39. Simplify $$\dfrac{\frac{1}{a}-b}{\frac{1}{b^3}+a}$$.

$$\dfrac{\frac{1}{a}-b}{\frac{1}{b^3}+a} = \dfrac{\left(\frac{1}{a}-b\right)\left(ab^3\right)}{\left(\frac{1}{b^3}+a\right)\left(ab^3\right)} =\dfrac{b^3-ab^4}{a+a^2b^3}$$
40. A bacteria contains $$1200$$ bacteria and doubles every day. How many hours will it take the culture to reach 10000 bacteria?
Use the exponential model $$y(t)=y_0e^{kt}$$, where $$y(t)$$ is the size of the population at time $$t$$ and $$y_0$$ is the initial size of the population.
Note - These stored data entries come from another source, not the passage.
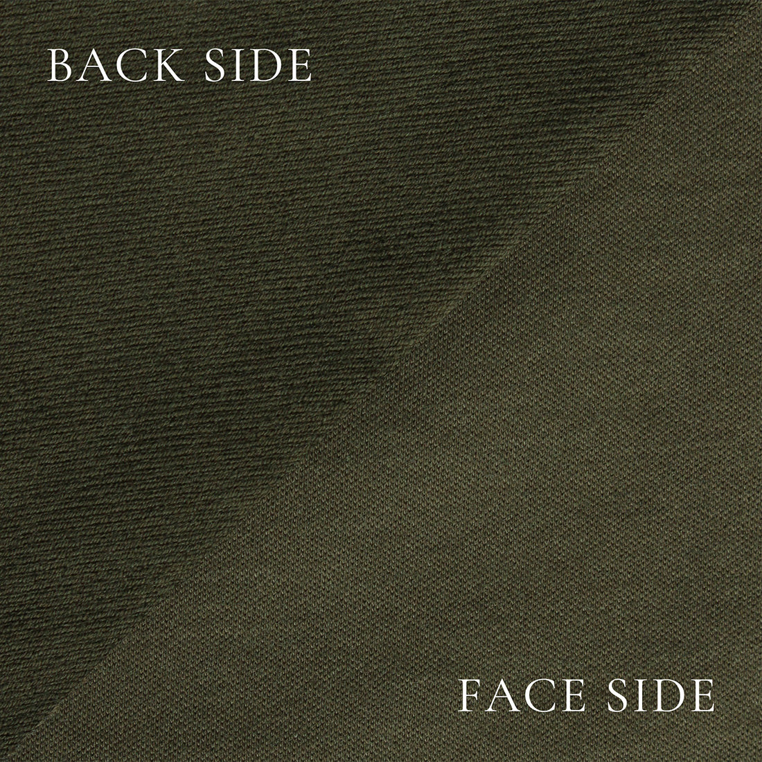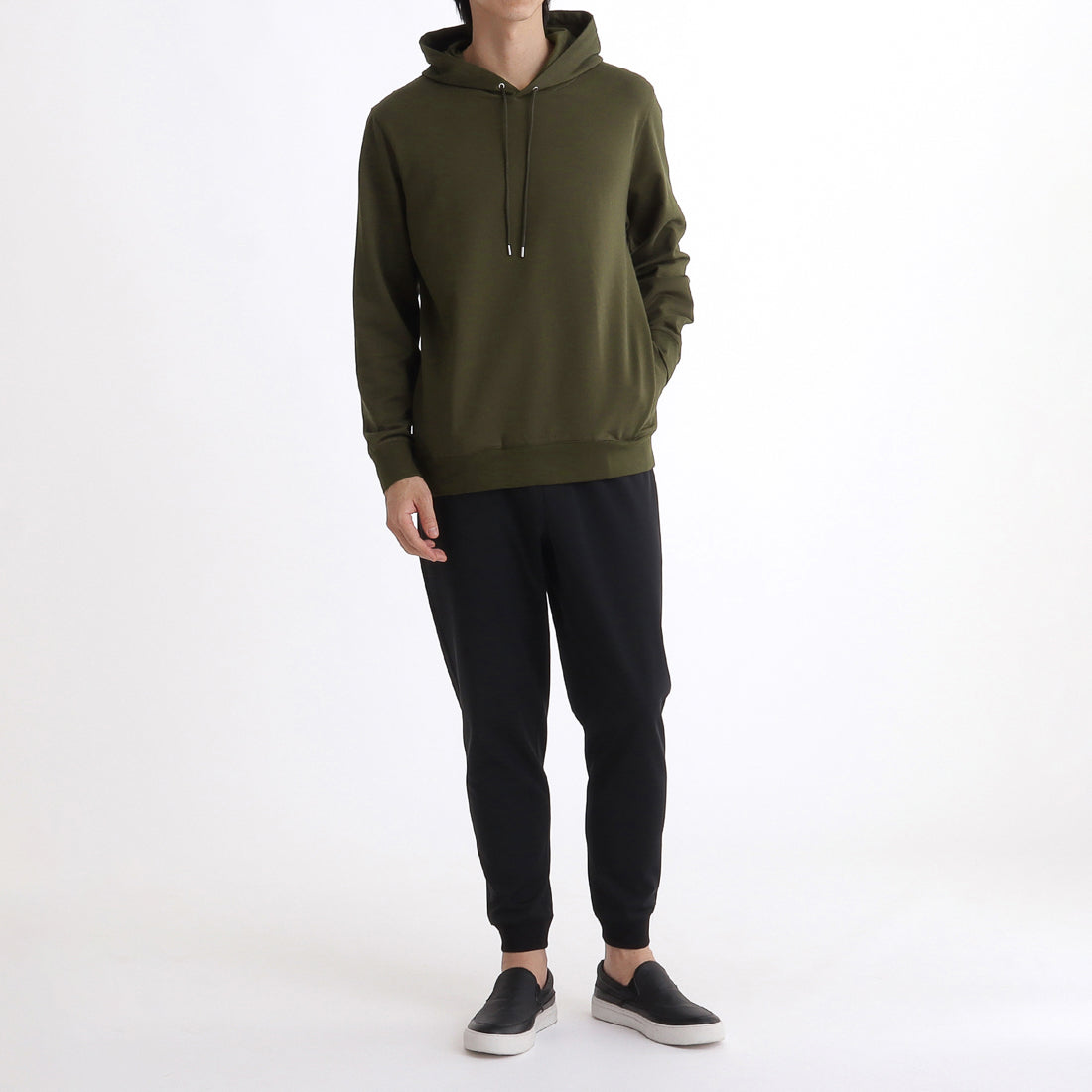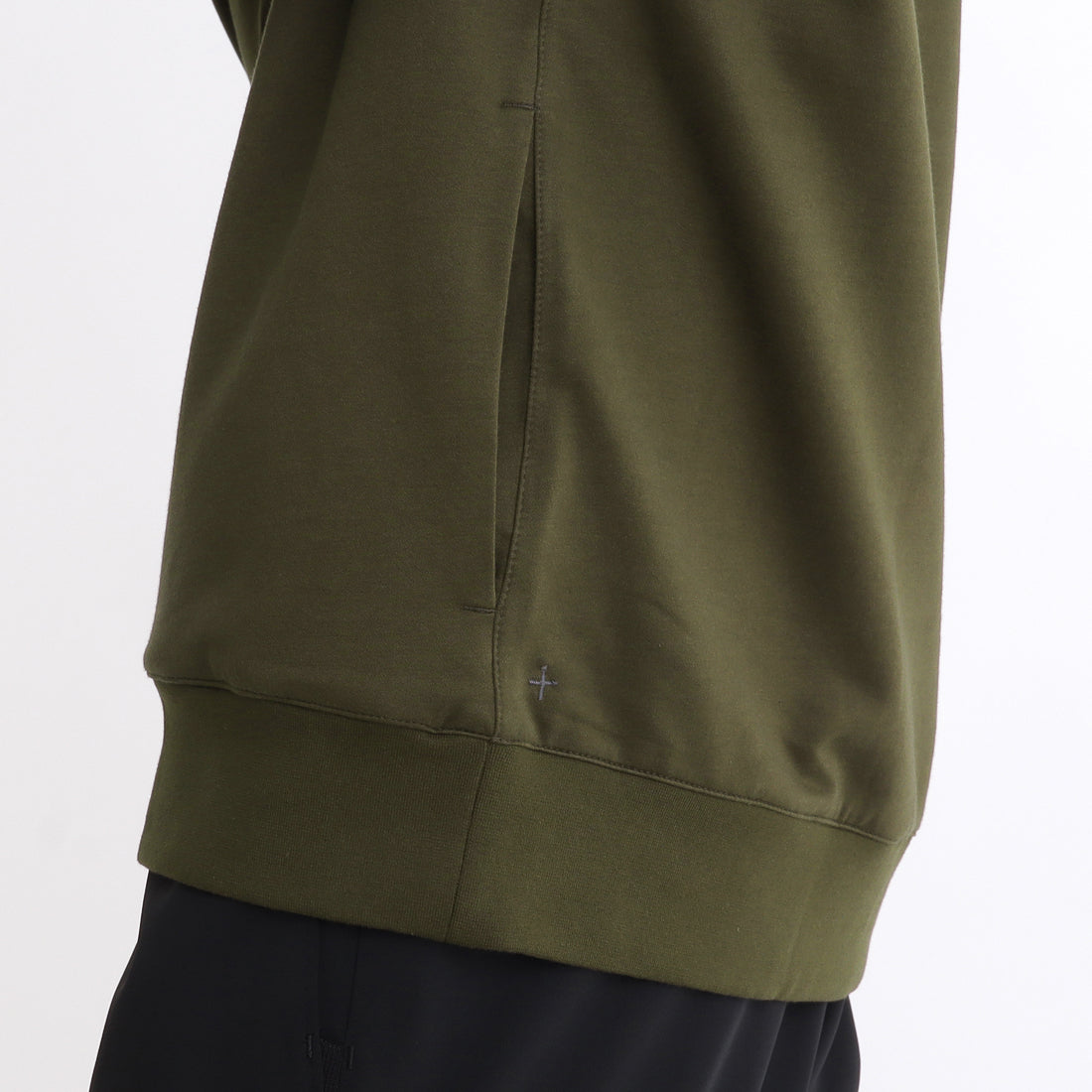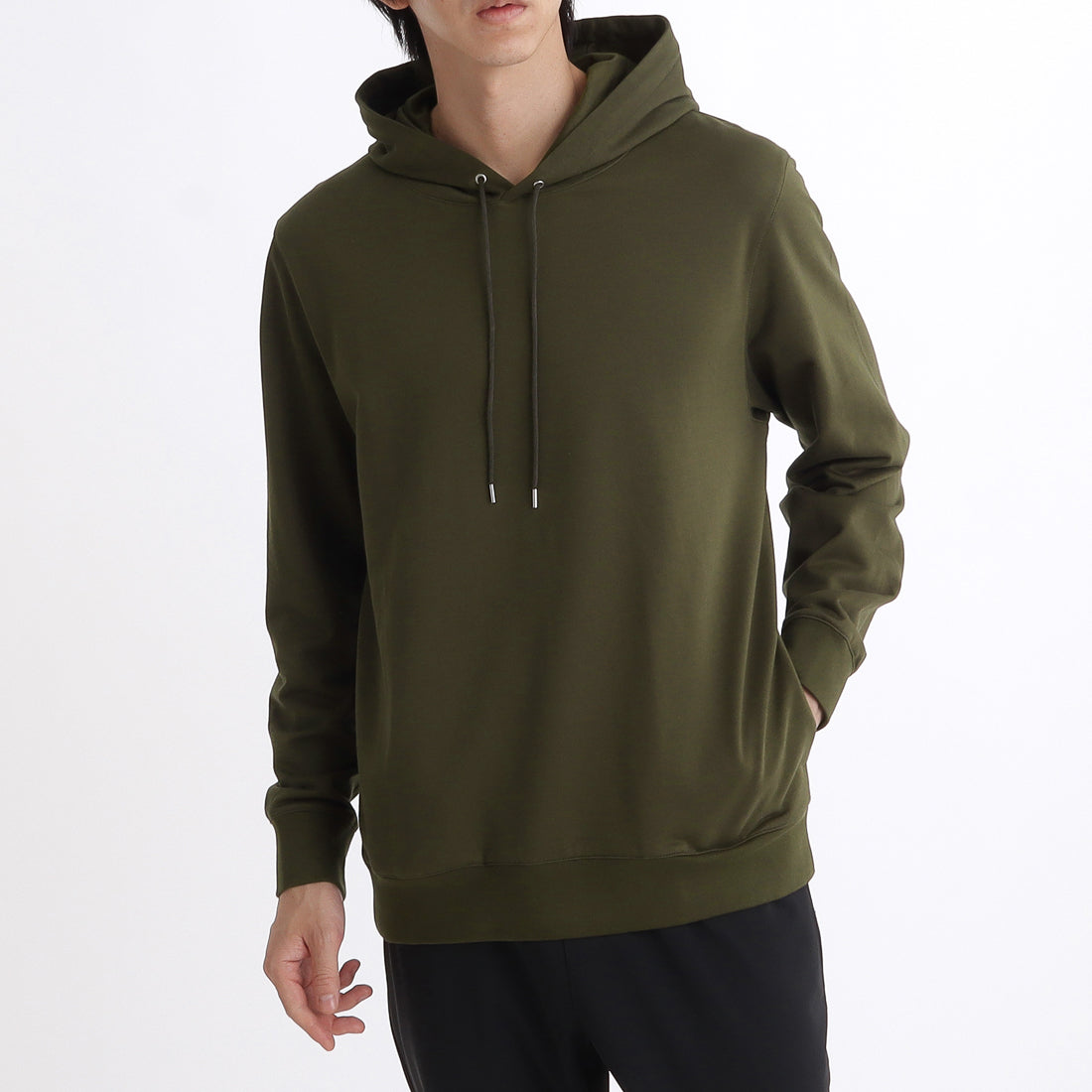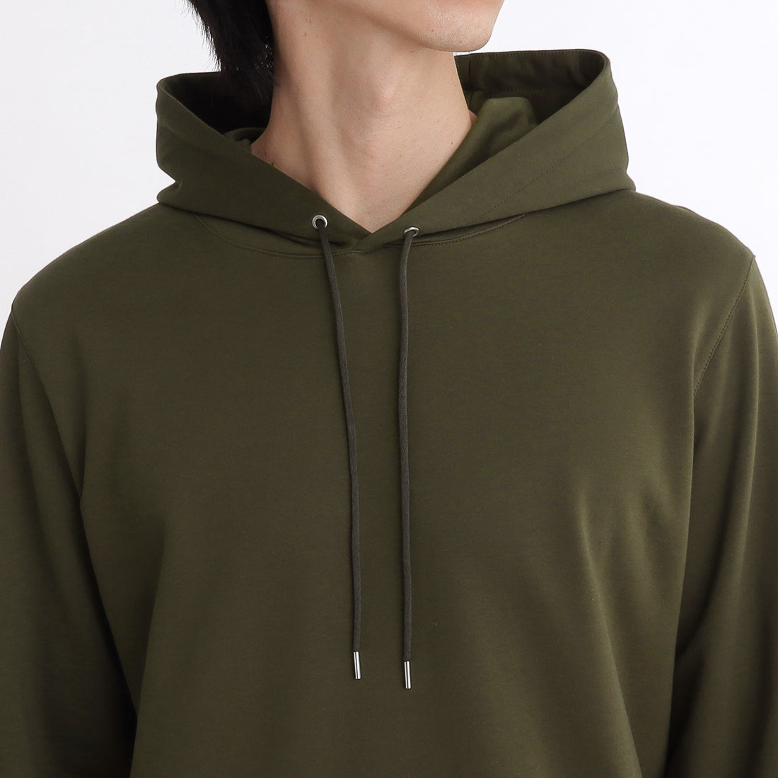 シーズンを問わずに活躍する人気素材「スビンプラチナムスムーステリー」を使ったフーディーに新色のオリーブが登場しました。なめらかで上品な表面感と着心地の良さ、軽いアウターに最適な肉感で大変好評のアイテムです。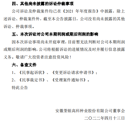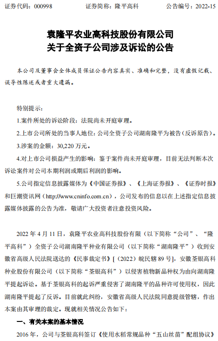 4月13日,隆平高科、荃銀高科雙雙發(fā)布公告,涉及3億元訴訟事項(xiàng)!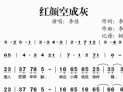 - [歌谱] 红颜空成灰 李佳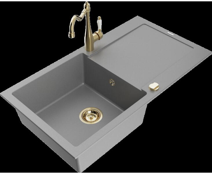 Vancouver gránit mosogató szett szürke színben, extra nagy medencés kivitelben. A 38,5 x 48,5 cm-es nagyméretű medence és a csepegtető megkönnyíti a nagyobb edények, lábosok elmosását. A két lyuk felül helyezkedik el, így kényelmes a csap és az adagoló használata. A letisztult szögletes formavilág kiválóan illeszkedik egy modern stílusú konyhába. Ez a mosogató csak eb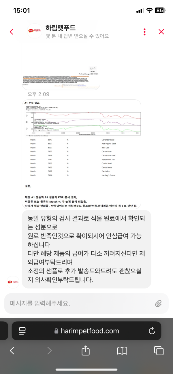 뭐 샘플 보내주냐 그러는데 저걸 눈으로 직접 봤는데 어케 믿나요 걍 사료 바꾸렵니다.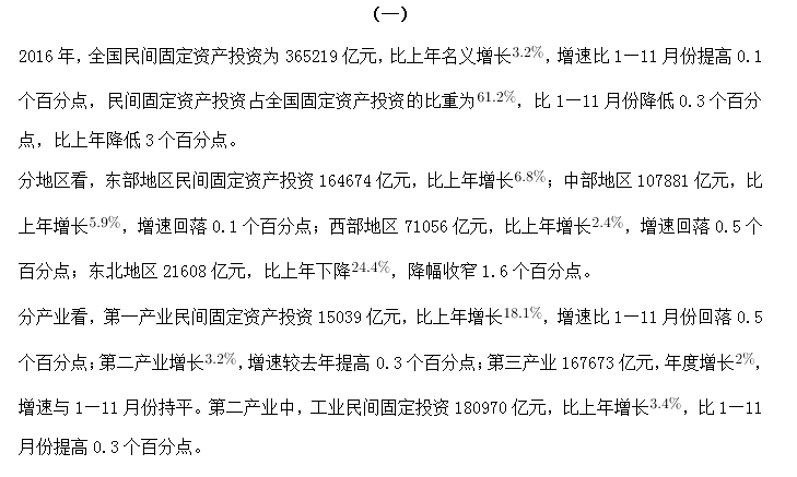 A、2016年度,三大產(chǎn)業(yè)中,第三產(chǎn)業(yè)民間固定資產(chǎn)投資月增速最為平穩(wěn)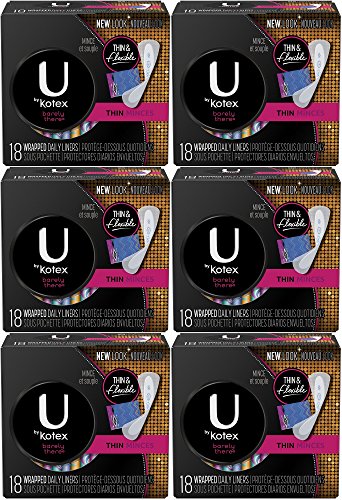 U by Kotex Barely There Liners, Light Absorbency, Unscented, 18 Count (Pack of 6)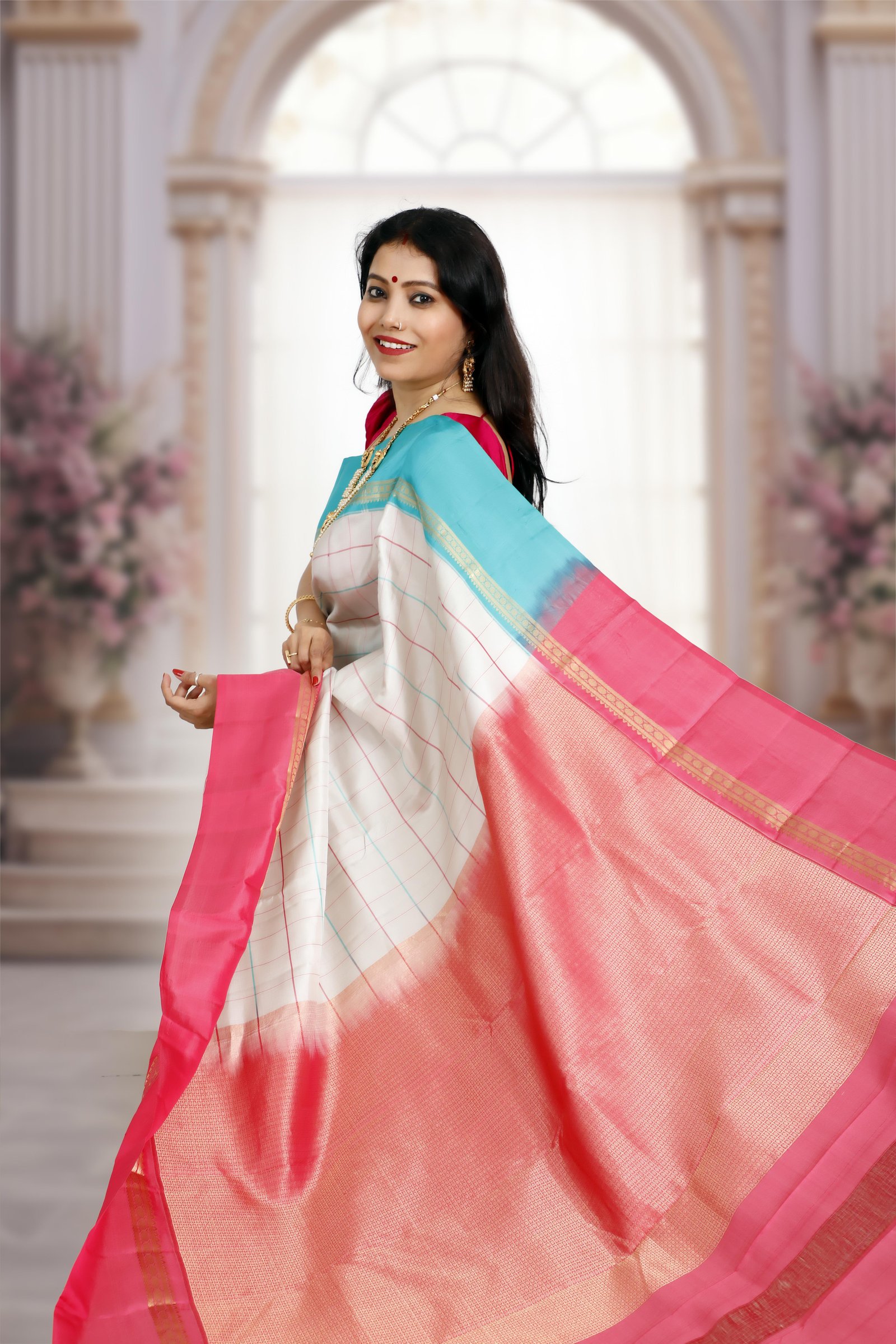 Graceful and timeless, this saree is handwoven in pure mulberry silk, the hallmark of authentic Kanchipuram weaving. The soothing white base is adorned with delicate checks and complemented by a soft light blue and light pink border and pallu, lending it a serene yet elegant appeal. Ideal for weddings, festive occasions, and heirloom collections, this saree comes Silk Mark certified, assuring purity and authenticity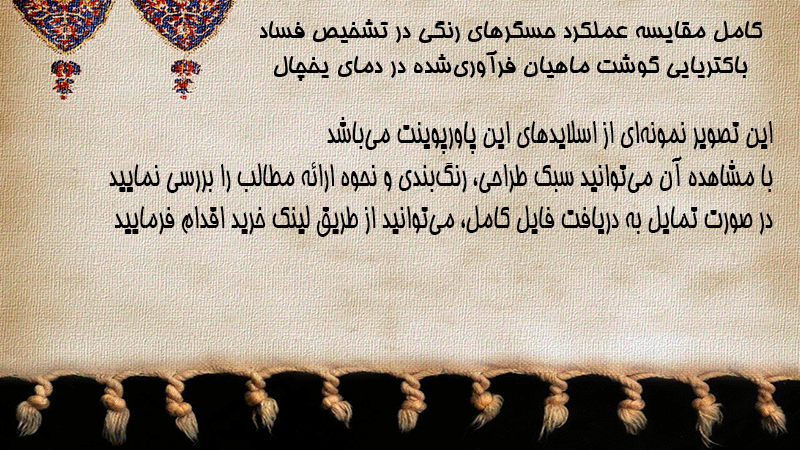 پاورپوینت کامل مقایسه عملکرد حسگرهای رنگی در تشخیص فساد باکتریایی گوشت ماهیان فرآوریشده در دمای یخچال

We know that $$y_0=1200$$, hence $$y(t)=1200e^{kt}$$.​ Since the population doubles everyday, we know
\begin{align*} 2400&=1200e^{k\cdot 24}\\ 2&=e^{24k}\\ \ln 2&= 24 k\\ k&=\dfrac{1}{24}\ln 2\\ k&= \ln 2^{1/24}\\ \end{align*}
Thus, $$y(t)=1200e^{t\ln 2^{1/24}} = 1200 e^{\ln 2^{t/24}}=1200\cdot 2^{t/24}$$ (note $$t$$ is in hours). Now solve for $$t$$ when $$y(t)=10000$$
\begin{align*} 10000&=1200\cdot 2^{t/24}\\ \dfrac{10000}{1200}&=2^{t/24}\\ \dfrac{25}{3}&=2^{t/24}\\ \log_2\left(\dfrac{25}{3}\right) &= \dfrac{t}{24}\\ t&=24\log_2 \left(\dfrac{25}{3}\right)\\ \end{align*}
So, it will take $$24 \log_2 \left( \dfrac{25}{3}\right)$$ hours for the culture to reach $$10,000$$ bacteria.